Exercise aim
A complete response lists each line of the data below that includes the word "with".

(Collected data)
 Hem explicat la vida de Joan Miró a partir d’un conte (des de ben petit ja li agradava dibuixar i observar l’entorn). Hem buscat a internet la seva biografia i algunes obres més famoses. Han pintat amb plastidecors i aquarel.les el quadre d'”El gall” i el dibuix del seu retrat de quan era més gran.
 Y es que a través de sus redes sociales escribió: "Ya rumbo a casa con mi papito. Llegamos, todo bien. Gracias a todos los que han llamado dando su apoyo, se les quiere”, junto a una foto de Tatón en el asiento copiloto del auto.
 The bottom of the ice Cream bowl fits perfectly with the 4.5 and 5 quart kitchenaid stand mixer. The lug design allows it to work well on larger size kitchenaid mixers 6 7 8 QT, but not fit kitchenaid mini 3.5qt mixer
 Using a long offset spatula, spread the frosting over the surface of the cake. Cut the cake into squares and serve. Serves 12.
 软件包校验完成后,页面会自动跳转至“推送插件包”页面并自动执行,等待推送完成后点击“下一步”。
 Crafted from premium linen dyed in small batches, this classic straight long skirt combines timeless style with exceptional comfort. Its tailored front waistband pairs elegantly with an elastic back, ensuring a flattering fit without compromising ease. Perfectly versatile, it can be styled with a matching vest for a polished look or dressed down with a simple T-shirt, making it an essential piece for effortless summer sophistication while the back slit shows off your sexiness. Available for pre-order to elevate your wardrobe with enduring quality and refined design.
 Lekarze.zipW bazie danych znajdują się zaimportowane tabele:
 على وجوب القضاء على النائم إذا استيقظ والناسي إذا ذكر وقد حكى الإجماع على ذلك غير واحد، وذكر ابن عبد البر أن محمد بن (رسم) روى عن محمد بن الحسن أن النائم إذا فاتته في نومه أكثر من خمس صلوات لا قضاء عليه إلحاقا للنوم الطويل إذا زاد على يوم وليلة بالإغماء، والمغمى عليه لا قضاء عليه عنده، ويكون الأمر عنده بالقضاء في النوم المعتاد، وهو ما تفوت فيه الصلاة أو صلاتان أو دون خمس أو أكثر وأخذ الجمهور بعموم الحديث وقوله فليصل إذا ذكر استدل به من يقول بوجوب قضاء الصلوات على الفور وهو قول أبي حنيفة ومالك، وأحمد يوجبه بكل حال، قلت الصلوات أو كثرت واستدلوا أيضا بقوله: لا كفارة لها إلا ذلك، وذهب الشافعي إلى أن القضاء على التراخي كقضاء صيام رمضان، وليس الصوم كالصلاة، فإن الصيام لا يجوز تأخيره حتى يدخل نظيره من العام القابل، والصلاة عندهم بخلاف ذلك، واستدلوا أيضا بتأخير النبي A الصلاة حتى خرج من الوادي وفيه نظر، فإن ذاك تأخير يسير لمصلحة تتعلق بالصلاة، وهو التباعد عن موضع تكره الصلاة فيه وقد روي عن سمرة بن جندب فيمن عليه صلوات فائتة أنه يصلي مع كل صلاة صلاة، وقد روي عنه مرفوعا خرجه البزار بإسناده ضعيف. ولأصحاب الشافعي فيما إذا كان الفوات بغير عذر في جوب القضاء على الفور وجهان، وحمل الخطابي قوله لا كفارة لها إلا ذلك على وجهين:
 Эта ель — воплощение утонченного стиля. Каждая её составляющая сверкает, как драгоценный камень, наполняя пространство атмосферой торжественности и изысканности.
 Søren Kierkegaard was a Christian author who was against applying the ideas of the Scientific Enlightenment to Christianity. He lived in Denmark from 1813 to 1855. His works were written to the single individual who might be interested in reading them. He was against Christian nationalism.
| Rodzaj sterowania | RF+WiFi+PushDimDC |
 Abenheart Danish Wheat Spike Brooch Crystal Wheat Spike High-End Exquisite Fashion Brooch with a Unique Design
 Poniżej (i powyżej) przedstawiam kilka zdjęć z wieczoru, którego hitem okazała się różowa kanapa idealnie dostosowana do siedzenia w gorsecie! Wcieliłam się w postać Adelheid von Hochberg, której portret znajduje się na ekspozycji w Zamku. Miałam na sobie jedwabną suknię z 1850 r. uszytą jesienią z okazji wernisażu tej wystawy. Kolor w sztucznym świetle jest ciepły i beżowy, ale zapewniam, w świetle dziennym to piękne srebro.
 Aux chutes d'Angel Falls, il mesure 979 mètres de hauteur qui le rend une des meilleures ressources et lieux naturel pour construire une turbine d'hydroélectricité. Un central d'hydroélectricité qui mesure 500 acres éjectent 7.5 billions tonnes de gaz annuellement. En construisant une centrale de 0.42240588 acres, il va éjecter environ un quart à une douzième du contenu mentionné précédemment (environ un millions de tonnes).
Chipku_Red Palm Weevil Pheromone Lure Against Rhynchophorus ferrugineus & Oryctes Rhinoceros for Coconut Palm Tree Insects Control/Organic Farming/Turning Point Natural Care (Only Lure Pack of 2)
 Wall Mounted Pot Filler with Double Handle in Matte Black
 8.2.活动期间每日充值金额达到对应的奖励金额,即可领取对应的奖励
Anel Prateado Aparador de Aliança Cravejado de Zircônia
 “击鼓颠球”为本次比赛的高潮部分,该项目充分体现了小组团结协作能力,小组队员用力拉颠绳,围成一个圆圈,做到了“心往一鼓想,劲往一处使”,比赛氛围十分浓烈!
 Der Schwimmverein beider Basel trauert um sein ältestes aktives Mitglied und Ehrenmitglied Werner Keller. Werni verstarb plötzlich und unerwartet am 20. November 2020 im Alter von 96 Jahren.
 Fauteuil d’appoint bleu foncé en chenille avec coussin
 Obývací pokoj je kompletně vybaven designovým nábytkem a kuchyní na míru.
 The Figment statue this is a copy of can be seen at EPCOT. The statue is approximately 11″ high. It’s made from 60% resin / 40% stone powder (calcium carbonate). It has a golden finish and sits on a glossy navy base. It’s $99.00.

Result of the exercise
 The bottom of the ice Cream bowl fits perfectly with the 4.5 and 5 quart kitchenaid stand mixer. The lug design allows it to work well on larger size kitchenaid mixers 6 7 8 QT, but not fit kitchenaid mini 3.5qt mixer
 Crafted from premium linen dyed in small batches, this classic straight long skirt combines timeless style with exceptional comfort. Its tailored front waistband pairs elegantly with an elastic back, ensuring a flattering fit without compromising ease. Perfectly versatile, it can be styled with a matching vest for a polished look or dressed down with a simple T-shirt, making it an essential piece for effortless summer sophistication while the back slit shows off your sexiness. Available for pre-order to elevate your wardrobe with enduring quality and refined design.
 Abenheart Danish Wheat Spike Brooch Crystal Wheat Spike High-End Exquisite Fashion Brooch with a Unique Design
 Wall Mounted Pot Filler with Double Handle in Matte Black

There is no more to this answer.